Ammonia levels are usually 10-20 times higher than reference range.

Ammonia values greater than 1000 mg/dL are common. Blood amino acid changes are not specific to provide a diagnosis but are important in the differentiation of CPS deficiency from other urea cycle disorders.

Urine orotic acid levels are within the reference range.
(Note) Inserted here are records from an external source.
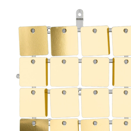 Nouveauté ! Ce panneau 30x30 cm en sequins brillants de couleur dorée est muni de crochets afin d'être associé à d'autres panneaux identiques pour créer une magnifique toile de fond de la longueur et de la hauteur de votre choix !
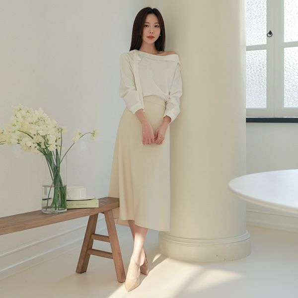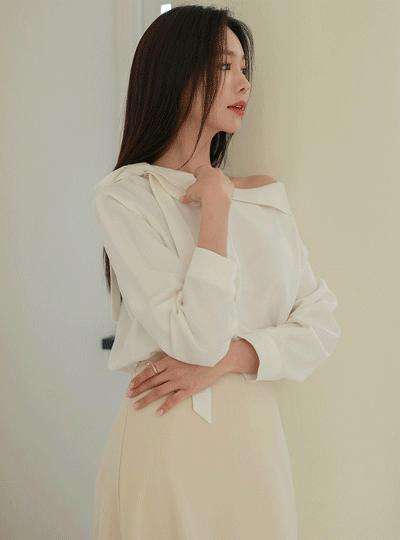 One Shoulder Open Ribbon Tie Cropped Sleeves Blouse
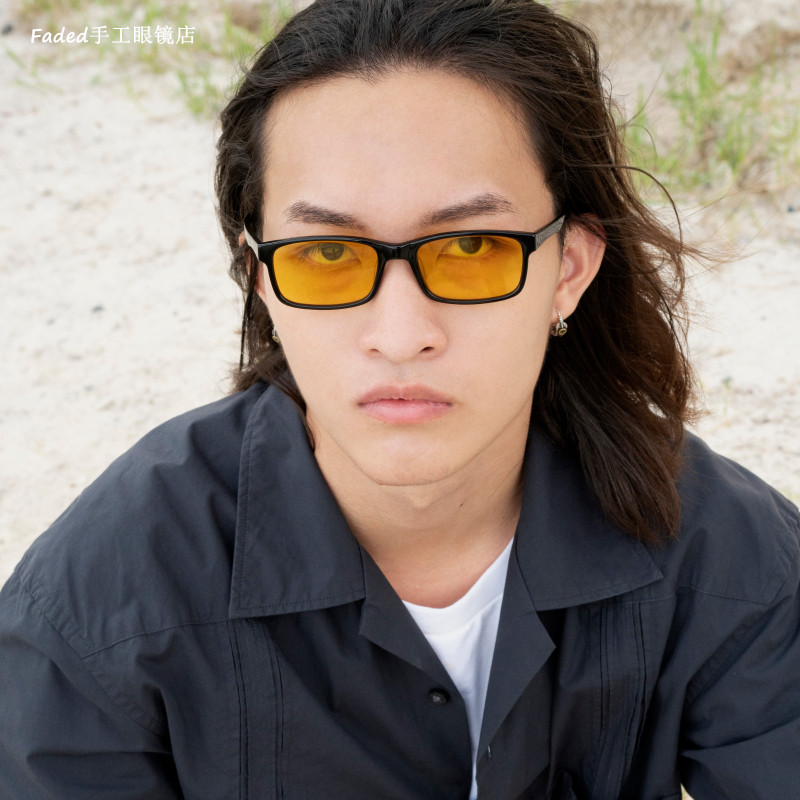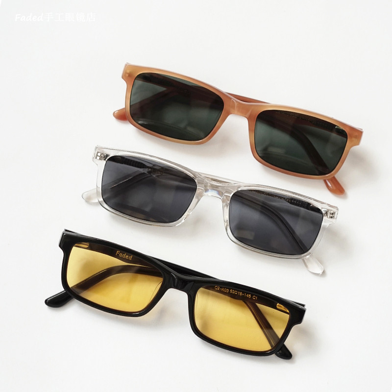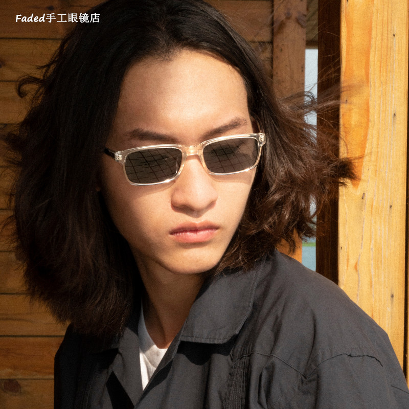 Faded yuppie avant-garde style tide retro imported plate slender square handmade glasses frame sunglasses sunglasses
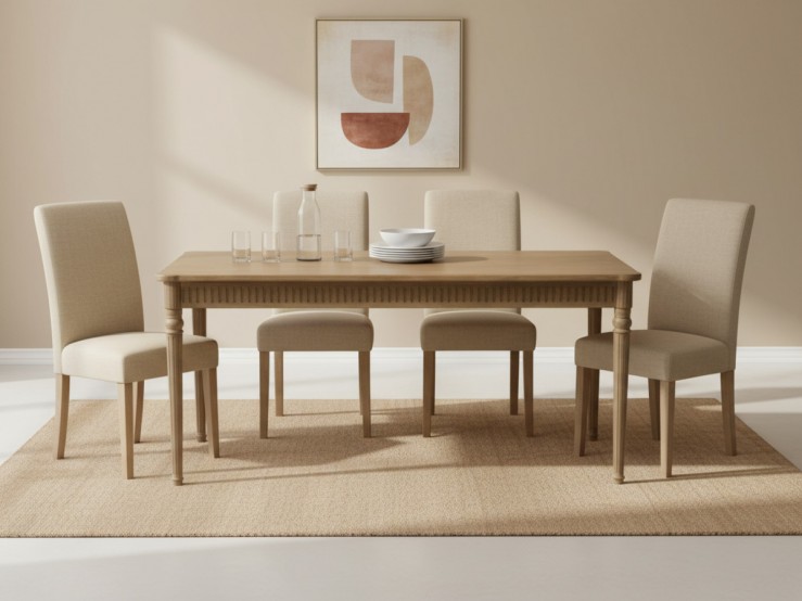 Son plateau apporte une touche simple et naturelle, tandis que ses pieds tournés lui donne beaucoup de caractère. Un ensemble harmonieux !
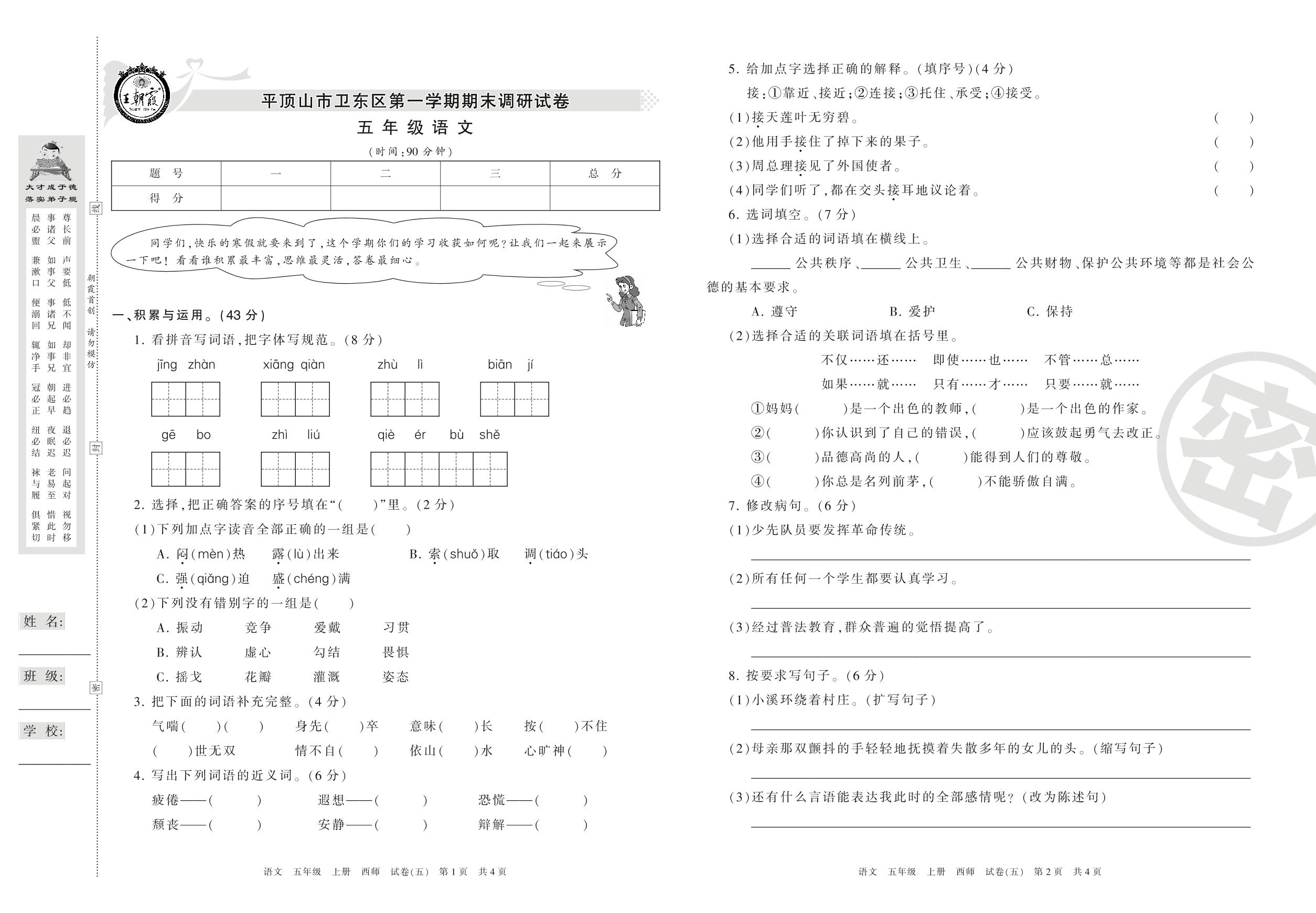 2016-2017学年第一学期平顶山市卫东区五年级语文试卷(西师版)【5】

Urine organic acid analysis is important to rule out organic acid disorders.

Definitive testing no longer requires liver biopsy; molecular diagnosis is available.

Postmortem findings are completely nonspecific, and, as a mitochondrial enzyme, CPS I is liable to rapid inactivation. Therefore, obtain hepatic samples for enzyme diagnosis during life, if possible, or immediately after death.


Imaging Studies

A report suggests that single-voxel magnetic resonance spectroscopy permits the monitoring of brain glutamine and brain glutamate levels. This may be a more accurate means of monitoring the effects of an acute hyperammonemic episode on the brain than monitoring blood ammonia levels as treatment proceeds.

A 2013 report details the MRI findings in neonates. [6]


Other Tests

Electroencephalography reveals nonspecific diffuse encephalopathy.

Molecular genetic diagnosis is available. [7]



Approach lumbar puncture with great caution because of the potential for cerebral edema.